What this task involves -
Copy out the data exactly, leaving the pictures behind.
━━━ Source material
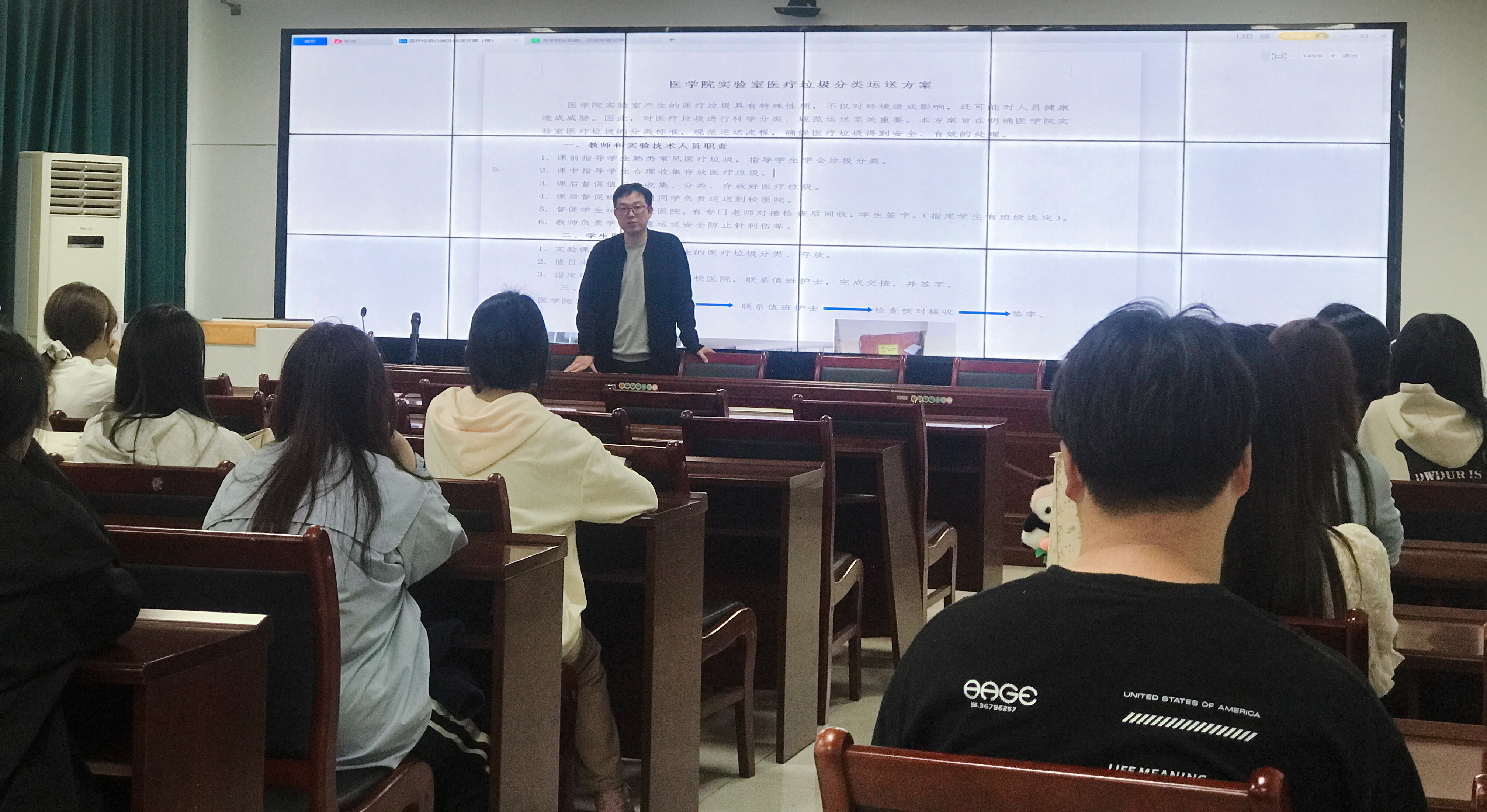 为进一步深化实验室垃圾分类理念,加深医学生对实验室垃圾分类及废弃物处理方法的了解,为进一步推动医学教育与环保理念的深度融合,提升医学生对实验室垃圾分类及其处理流程的认识,4月18日,bw必威西汉姆联官方网站在医学楼216会议室开展了实验医疗垃圾分类及规范处置培训工作。培训由bw必威西汉姆联官方网站实践教学主任许伶主持,bw必威西汉姆联官方网站副院长蒋斌、学管部老师、实验员老师代表,bw必威西汉姆联官方网站22级和23级各专业生活委员参加了培训。
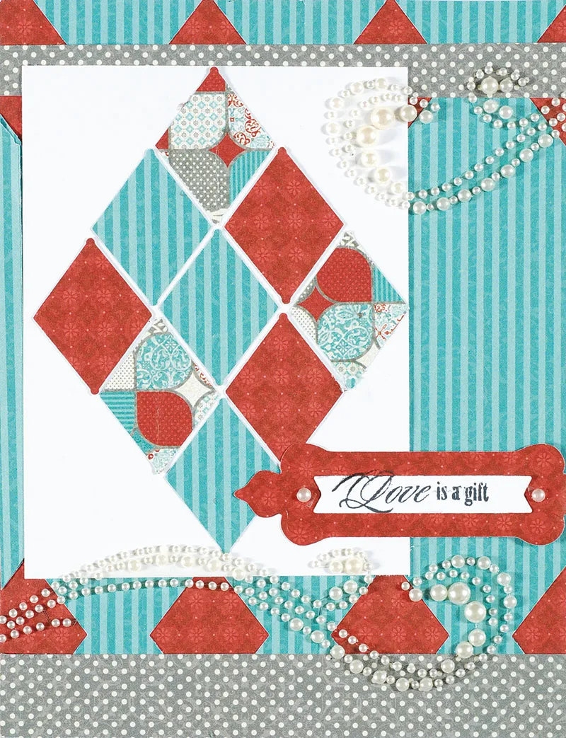 Using 6 Layered Labels cutting die, cut a small label with Robin’s Red red patterned paper and a small banner from white cardstock. Stamp “Love is a Gift” onto the small banner. Glue the banner to the red label. Glue even with right side and 1¾" from bottom. Add Pearl Eternal Swirls as shown.
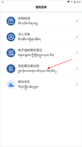 2、在便民应用页面里,找到【无犯罪记录证明】选项,接着依照页面提示的流程操作,就能顺利完成办理,整个过程十分顺畅。
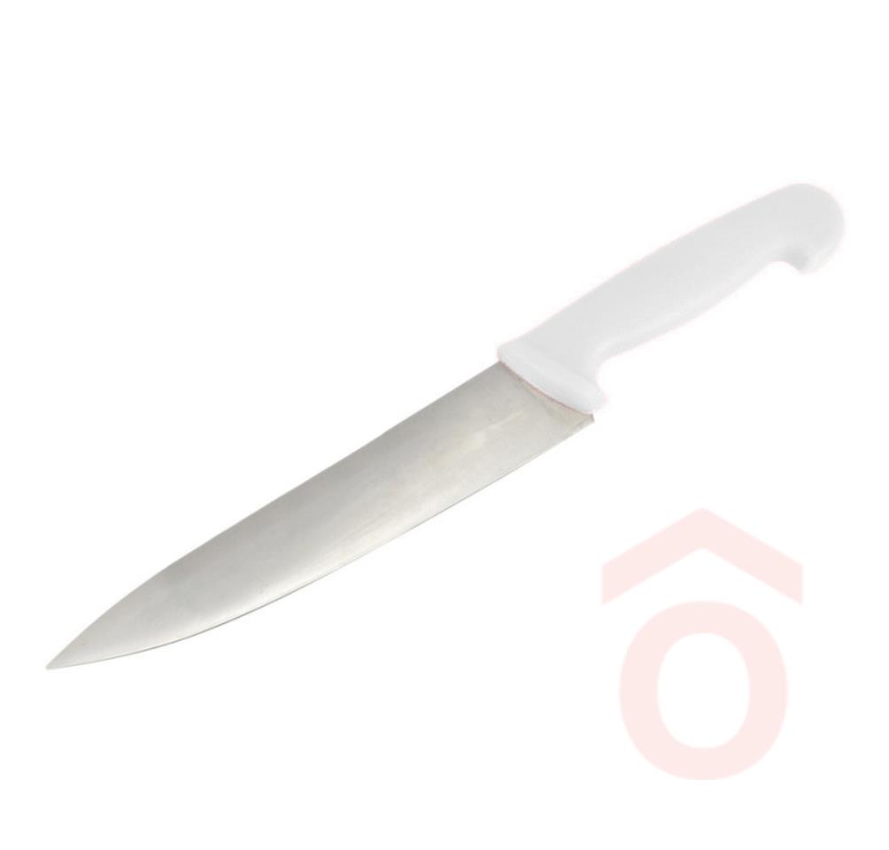 Rozsdamentes acélból készült szakács kés penge hossza 25 cm, teljes hossza 37,5 cm, fehér színű műanyag nyéllel. Karcmentes, folyékony mosószerrel tisztítható.
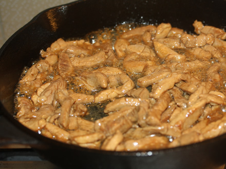 - Intr-un wok (sau tigaie de fonta) se incinge bine 1 lingura de ulei. Se adauga carnea marinata si se soteaza rapid, amestecand mereu, doar pana-si schimba culoarea (cca 1 minut). Se scoate din tigaie cu tot cu sucul lasat.
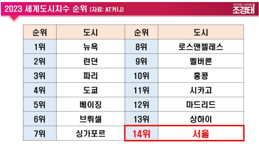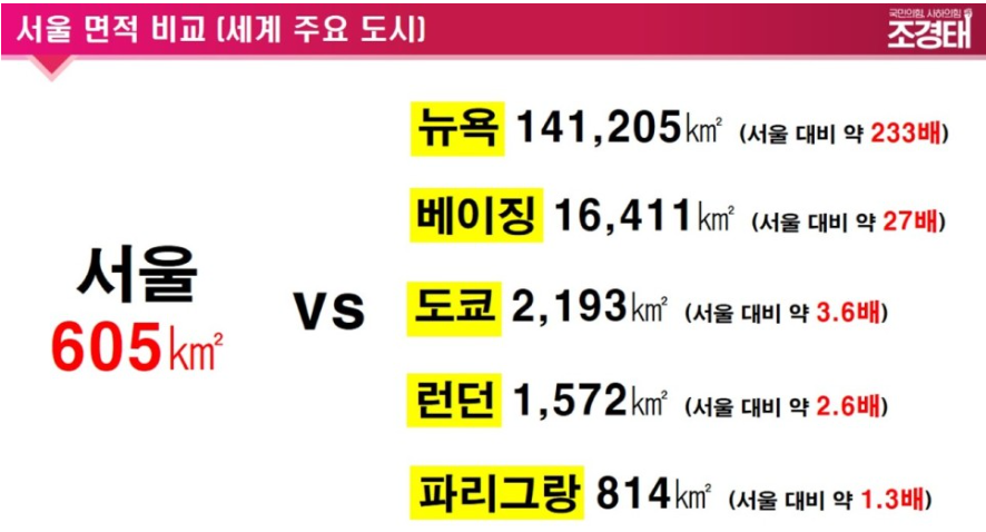 세계 도시 순위에서도 서울은 14위를 기록하고 있으며, 주요 도시들의 면적과 비교를 해보아도, 서울은 주요 도시에 비해 매우 작은 규모를 나타내고 있습니다. 2012년 만해도 서울은 도시 경쟁력이 8위였지만, 지금은 14위로 추락했으며, 이는 매년 추락할 위기를 맞이하고 있습니다. 또한, 경쟁 도시들이 메가시티로 변하는 동안 서울은 규모가 그대로였으며, 뉴욕의 경우에도 서울의 233배의 크기를 자랑하며, 일본의 경우에도 도쿄는 서울에 비해 3.6배나 더 큰 면적을 자랑하며 세계 4위에 올라와 있습니다.
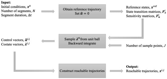 To generate a reference trajectory, we consider a zero-thrust (i.e., ballistic) trajectory. This is due to a trivial solution of the OCP in which , causing . The system dynamics are forward-in-time integrated from the initial conditions, , with no control to obtain the reference trajectory, , and matrices and . Next, we sample terminal stage costates, , from a six-dimensional unit ball (i.e., ). The reason we uniformly sample is due to the control law in Equation (16), which indicates that the magnitude of does not matter (the control law is homogeneous in costates); hence, a reasonable method to determine these values is to uniformly sample them from a unit ball. The proper sampling algorithm is provided in Appendix A. All previous stage costates are recovered backward in time through a recursive matrix multiplication, as outlined in Equation (10). The optimal control can be computed using Equation (16), and a final forward-in-time integration is used to produce the entire reachable set. The indices i and j in Figure 3 indicate the i-th stage variable quantity and the j-th trajectory forming the reachable set. The reachable set approximation algorithm is outlined in Algorithm 1.
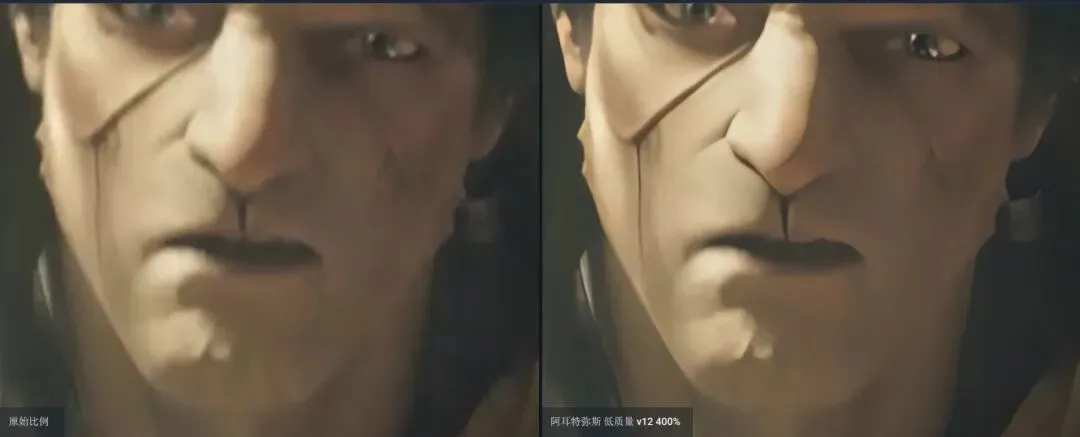 明显能看到原视频模糊噪点块大部分都去除了,并且人物毛发和服饰细节非常的还原。
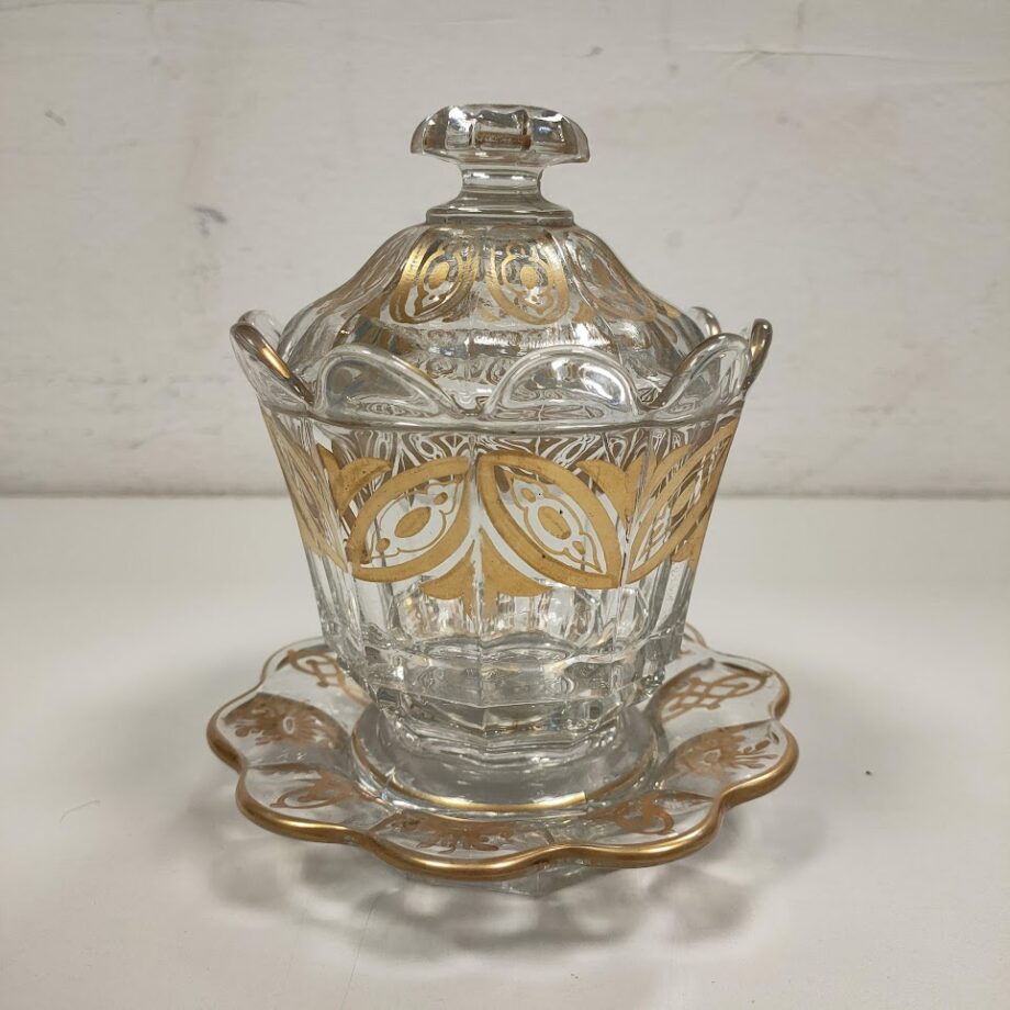 Contenitore di Caramelle, Confetti Realizzato in Vetro  con Decorazioni di Color Oro Vintage Anni ’60 in Ottime condizioni come da foto
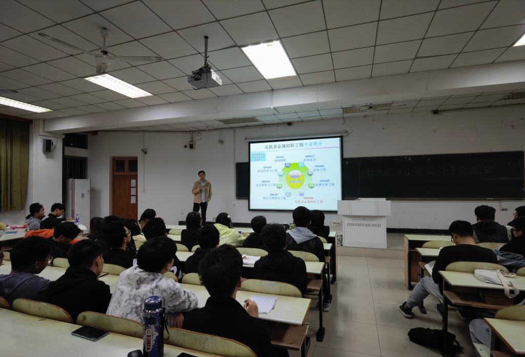 会上,包全合、马群双、刘娟和丁健翔四位系领导首先介绍了材料学院的基本概况、师资队伍、科研团队等相关信息,强调了我院过硬的教学实力和较高的科研水平;随后,四位老师分别向同学们讲述我院材料科学与工程、金属材料工程、无机非金属材料工程和焊接技术与工程等四个专业的课程设置以及涉及领域;最后,各位老师还向同学们展示了我院近几年来毕业生的升学情况、就业方向以及发展前景。
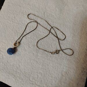 Elegant Blue Sparkly Pendant Sterling Silver 925 Italy Chain Necklace 8.5' /half
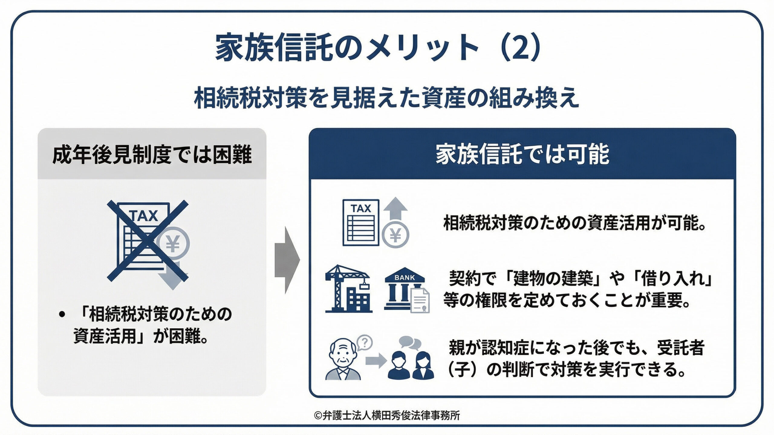 しかし、家族信託の契約の中に「受託者は資産の有効活用のために、建物の建築や借り入れを行える」といった権限をあらかじめ定めておくことで、親が認知症になった後でも、受託者である子の判断によって、相続税対策を見据えた資産の組み換えや活用を実行できる可能性があります。
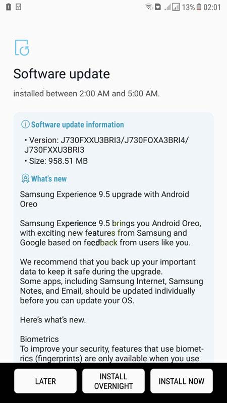 Nếu nó không có sẵn, bạn có thể tải xuống phần mềm Android 8.1 Oreo chính thức cho Galaxy J7 SM-J730F của bạn từ bên dưới và cài đặt nó trên điện thoại của bạn bằng cách làm theo hướng dẫn.
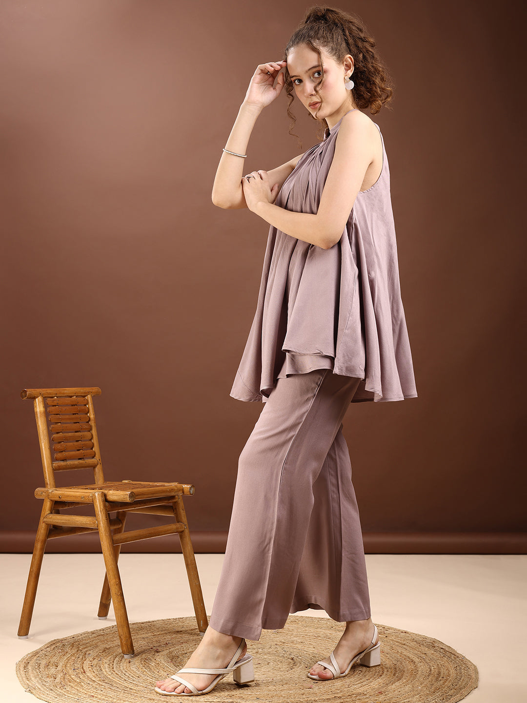 Taupe Colored Halter Neck Rayon Sleeveless Top With Flared Palazzo Co-ords Set
━━━━━━
Output for this task -
 为进一步深化实验室垃圾分类理念,加深医学生对实验室垃圾分类及废弃物处理方法的了解,为进一步推动医学教育与环保理念的深度融合,提升医学生对实验室垃圾分类及其处理流程的认识,4月18日,bw必威西汉姆联官方网站在医学楼216会议室开展了实验医疗垃圾分类及规范处置培训工作。培训由bw必威西汉姆联官方网站实践教学主任许伶主持,bw必威西汉姆联官方网站副院长蒋斌、学管部老师、实验员老师代表,bw必威西汉姆联官方网站22级和23级各专业生活委员参加了培训。
 Using 6 Layered Labels cutting die, cut a small label with Robin’s Red red patterned paper and a small banner from white cardstock. Stamp “Love is a Gift” onto the small banner. Glue the banner to the red label. Glue even with right side and 1¾" from bottom. Add Pearl Eternal Swirls as shown.
 2、在便民应用页面里,找到【无犯罪记录证明】选项,接着依照页面提示的流程操作,就能顺利完成办理,整个过程十分顺畅。
 Rozsdamentes acélból készült szakács kés penge hossza 25 cm, teljes hossza 37,5 cm, fehér színű műanyag nyéllel. Karcmentes, folyékony mosószerrel tisztítható.
 - Intr-un wok (sau tigaie de fonta) se incinge bine 1 lingura de ulei. Se adauga carnea marinata si se soteaza rapid, amestecand mereu, doar pana-si schimba culoarea (cca 1 minut). Se scoate din tigaie cu tot cu sucul lasat.
 세계 도시 순위에서도 서울은 14위를 기록하고 있으며, 주요 도시들의 면적과 비교를 해보아도, 서울은 주요 도시에 비해 매우 작은 규모를 나타내고 있습니다. 2012년 만해도 서울은 도시 경쟁력이 8위였지만, 지금은 14위로 추락했으며, 이는 매년 추락할 위기를 맞이하고 있습니다. 또한, 경쟁 도시들이 메가시티로 변하는 동안 서울은 규모가 그대로였으며, 뉴욕의 경우에도 서울의 233배의 크기를 자랑하며, 일본의 경우에도 도쿄는 서울에 비해 3.6배나 더 큰 면적을 자랑하며 세계 4위에 올라와 있습니다.
 To generate a reference trajectory, we consider a zero-thrust (i.e., ballistic) trajectory. This is due to a trivial solution of the OCP in which , causing . The system dynamics are forward-in-time integrated from the initial conditions, , with no control to obtain the reference trajectory, , and matrices and . Next, we sample terminal stage costates, , from a six-dimensional unit ball (i.e., ). The reason we uniformly sample is due to the control law in Equation (16), which indicates that the magnitude of does not matter (the control law is homogeneous in costates); hence, a reasonable method to determine these values is to uniformly sample them from a unit ball. The proper sampling algorithm is provided in Appendix A. All previous stage costates are recovered backward in time through a recursive matrix multiplication, as outlined in Equation (10). The optimal control can be computed using Equation (16), and a final forward-in-time integration is used to produce the entire reachable set. The indices i and j in Figure 3 indicate the i-th stage variable quantity and the j-th trajectory forming the reachable set. The reachable set approximation algorithm is outlined in Algorithm 1.
 明显能看到原视频模糊噪点块大部分都去除了,并且人物毛发和服饰细节非常的还原。
 Contenitore di Caramelle, Confetti Realizzato in Vetro  con Decorazioni di Color Oro Vintage Anni ’60 in Ottime condizioni come da foto
 会上,包全合、马群双、刘娟和丁健翔四位系领导首先介绍了材料学院的基本概况、师资队伍、科研团队等相关信息,强调了我院过硬的教学实力和较高的科研水平;随后,四位老师分别向同学们讲述我院材料科学与工程、金属材料工程、无机非金属材料工程和焊接技术与工程等四个专业的课程设置以及涉及领域;最后,各位老师还向同学们展示了我院近几年来毕业生的升学情况、就业方向以及发展前景。
 Elegant Blue Sparkly Pendant Sterling Silver 925 Italy Chain Necklace 8.5' /half
 しかし、家族信託の契約の中に「受託者は資産の有効活用のために、建物の建築や借り入れを行える」といった権限をあらかじめ定めておくことで、親が認知症になった後でも、受託者である子の判断によって、相続税対策を見据えた資産の組み換えや活用を実行できる可能性があります。
 Nếu nó không có sẵn, bạn có thể tải xuống phần mềm Android 8.1 Oreo chính thức cho Galaxy J7 SM-J730F của bạn từ bên dưới và cài đặt nó trên điện thoại của bạn bằng cách làm theo hướng dẫn.
 Taupe Colored Halter Neck Rayon Sleeveless Top With Flared Palazzo Co-ords Set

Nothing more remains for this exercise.